ADIEU, FRANÇOISE HARDY!

Abro o instagram pela manhã e uma postagem dos artistas/fotógrafos franceses Pierre et Gilles apresentava uma imagem belíssima da cantora Françoise Hardy ainda jovem ao som de seu hit Comment te Dire Adieu. Volto no tempo não sei quantas casas... Eu morava na rua Garibaldi, em Porto Alegre. Meu professor Alziro Azevedo morava na Santo Antônio, paralela à minha rua. Alziro tinha uma invejável coleção de LPs. Dentre eles, um especial para mim, de Françoise Hardy. Eu já era louco por ela desde a mais tenra idade, quando escutava La Question, trilha sonora de alguma novela da minha infância, na rádio Cristal de Soledade, provavelmente no rádio da Variant do meu pai estacionada em frente à nossa casa.
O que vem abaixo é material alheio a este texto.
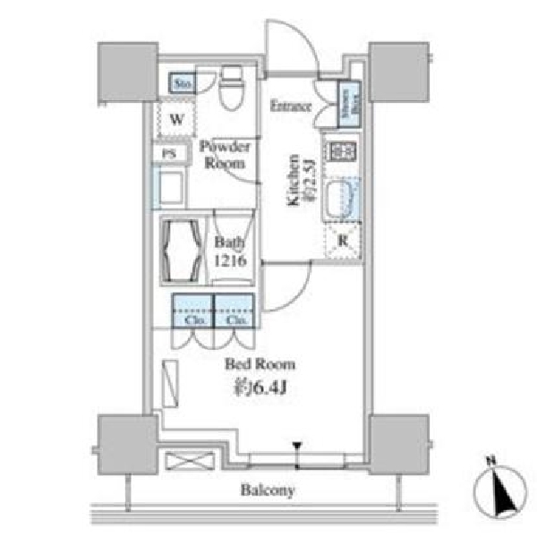 間取り | 1K | 専有面積 | 25.22㎡ |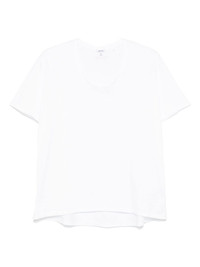 logo-print T-shirt Highlights - White - Crew neck - Three-quarter length sleeves - Straight hem Imported Composition Cotton 100% SIZE & FIT Model measurements Height 5 ft 9 in(1.76 m) Bust/Chest 31.88 in(81 cm) Hips 35.43 in(90 cm) Waist 24.8 in(63 cm) FittingInformation Designed to be unstructured, offering a loose fit throughout Made from a midweight non-stretch fabric, this piece offers minimal elasticity when worn Washing instructions Machine Wash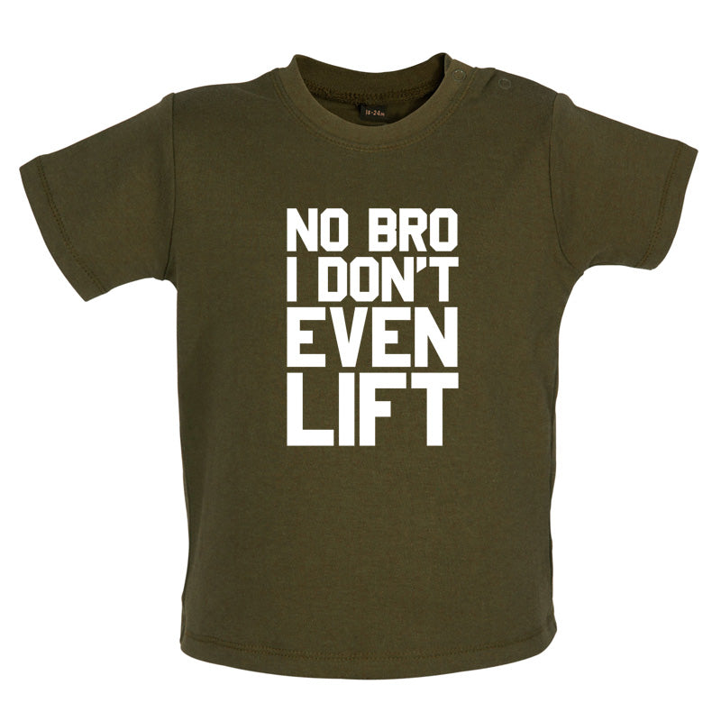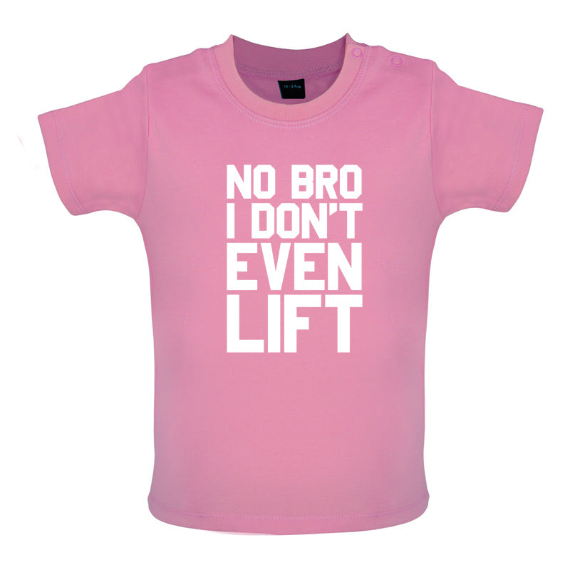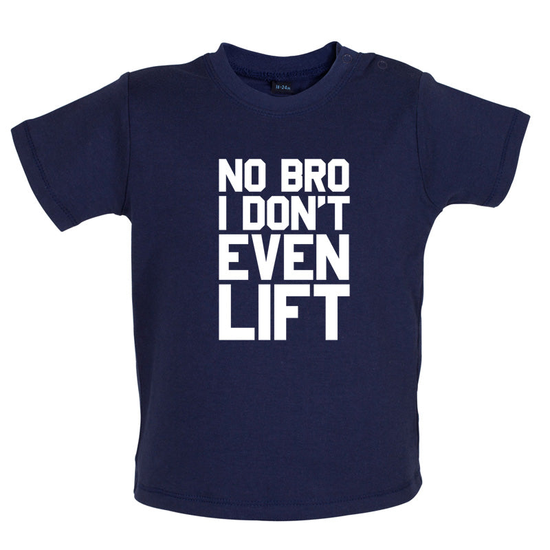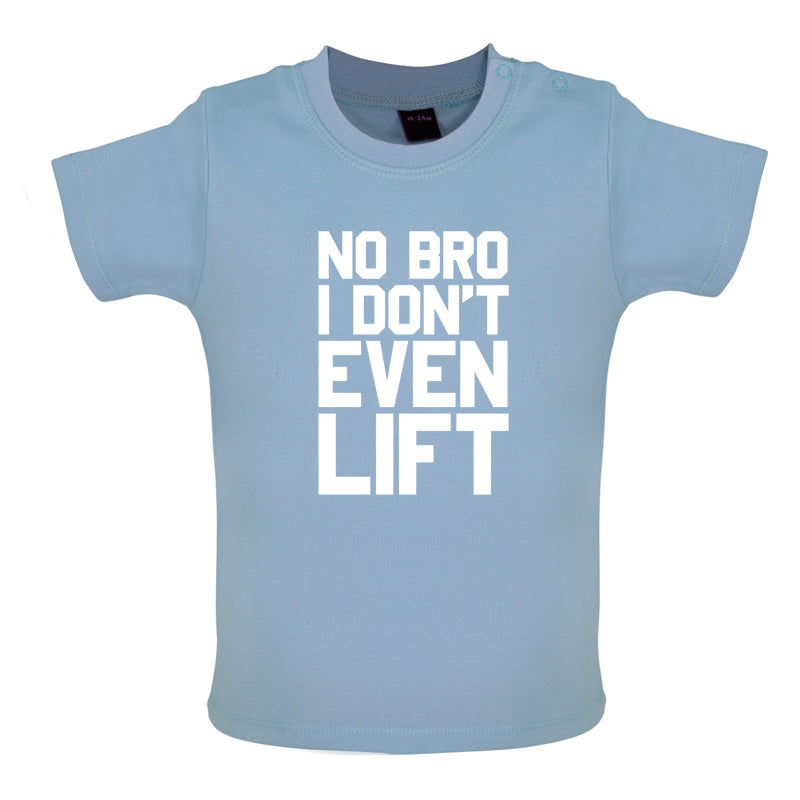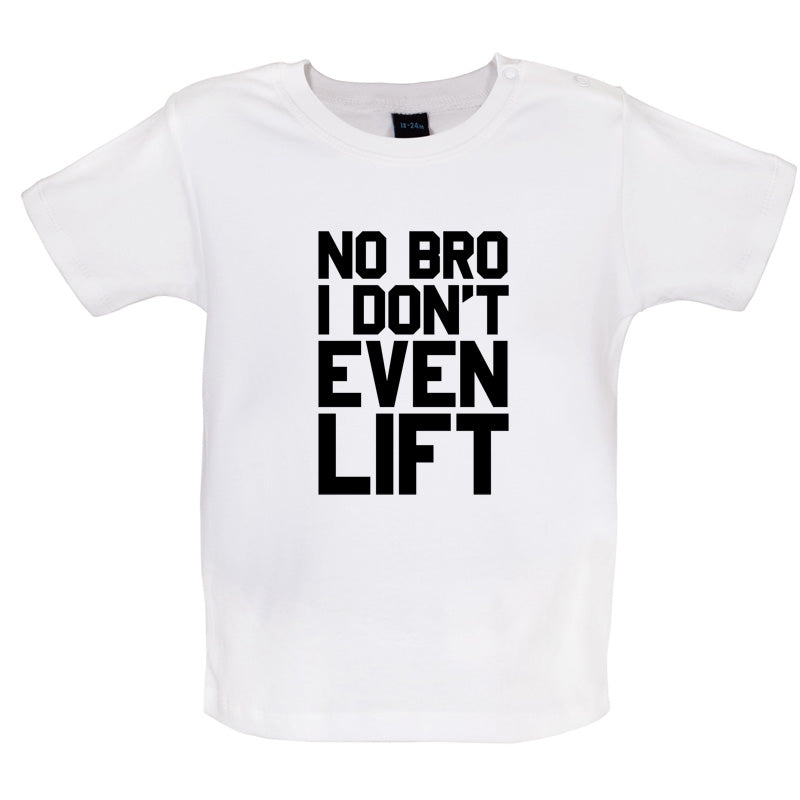 Baby/Toddler T-shirt: Our Baby Unisex style No Bro I Dont Even Lift T-shirt is printed on our high quality 200 gsm ringspun cotton garment which features shoulder poppers to ease getting your little one dressed. Our Baby T-shirts are available in a choice of Eight colours.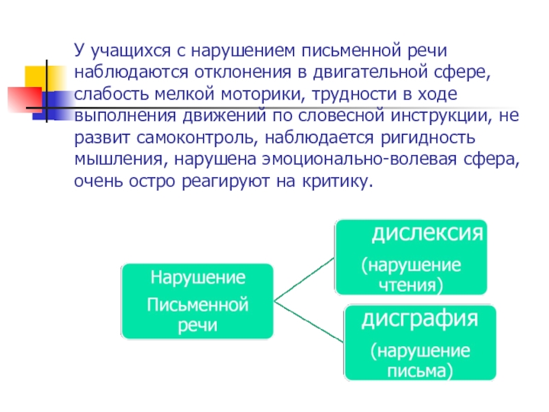 Слайд 40У учащихся с нарушением письменной речи наблюдаются отклонения в двигательной сфере,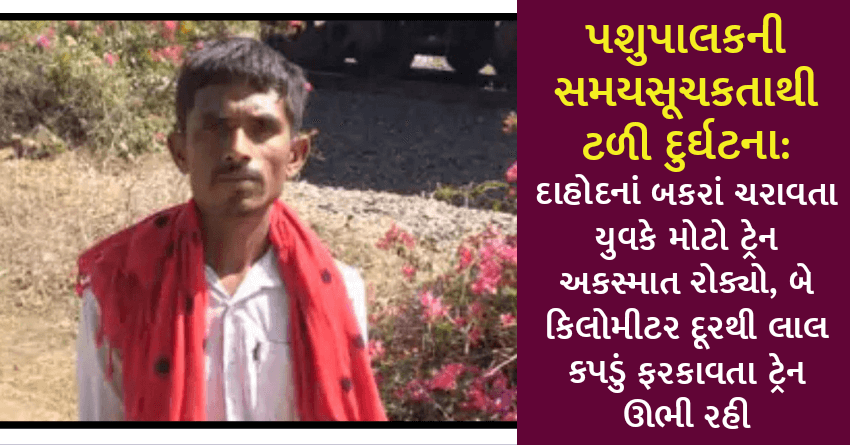 પશુપાલકની સમયસૂચકતાથી ટળી દુર્ઘટના: દાહોદનાં બકરાં ચરાવતા યુવકે મોટો ટ્રેન અકસ્માત રોક્યો, બે કિલોમીટર દૂરથી લાલ કપડું ફરકાવતા ટ્રેન ઊભી રહી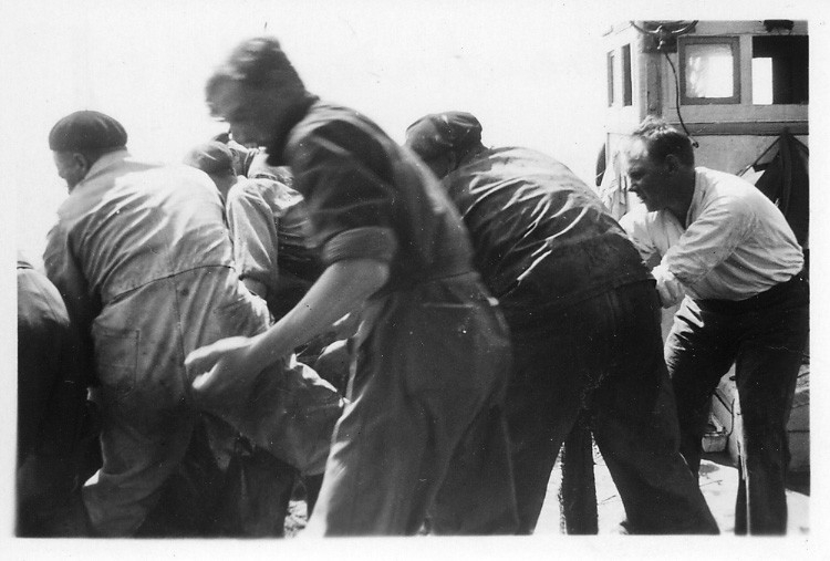 'Skandiaexpeditionen 1935: :: :: Ca 7 personer i arbete på båtdäck. Enligt anteckning på baksidan av fotografiet: ''Räktrålen halas ombord. De flesta jobbar för fullt.'' och ''Sune'' :: :: Ingår i serie med fotonr. 3441-3452.'

Ou no meu toca-fitas, que registrava tudo o que a rádio tocava, inclusive alguns comerciais... Depois, muito depois, já na Paris dos anos noventa, eu descobri que a canção Comment te Dire Adieu, que eu amava na versão de Jimmy Somerville com os Comunards, era também um hit dela dos anos sessenta... Pois o saudoso professor Alziro me emprestou esse LP de Françoise Hardy que gravei em fita K7 (mileniuns, por favor, dêem um Google) e essa fita me acompanhou por muito tempo no Walkman (Google again) por onde quer que eu fosse... Françoise Hardy nos deixou essa semana. Todos os meninos e meninas da minha idade choram a sua partida. Tous les garçons et les filles de mon âge font ensemble des projets d'avenir. Et les yeux dans les yeux et la main dans la main... O mundo anda chato, careta e dividido. Direitos a duras penas conquistados estão correndo o risco de serem extintos. Tentativas de retrocesso encontram cada vez mais espaço para se estabelecer. E a cidade de Paris está cada vez mais distante do meu sonho de jovem: Ano que vem fará dez anos que não a visito... Ícones do pensamento liberal e progressista nos deixam a cada dia. Artistas perdem cada vez mais importância na sociedade de consumo. O que será que vamos idolatrar no futuro? Ou quem? Jovens milionários? Influencers? Tiktokers? Tenho até medo de imaginar... Para terminar citando Françoise Hardy, espero ter o coração feliz sem medo do amanhã... Na foto, la jeune Françoise par Pierre et Gilles.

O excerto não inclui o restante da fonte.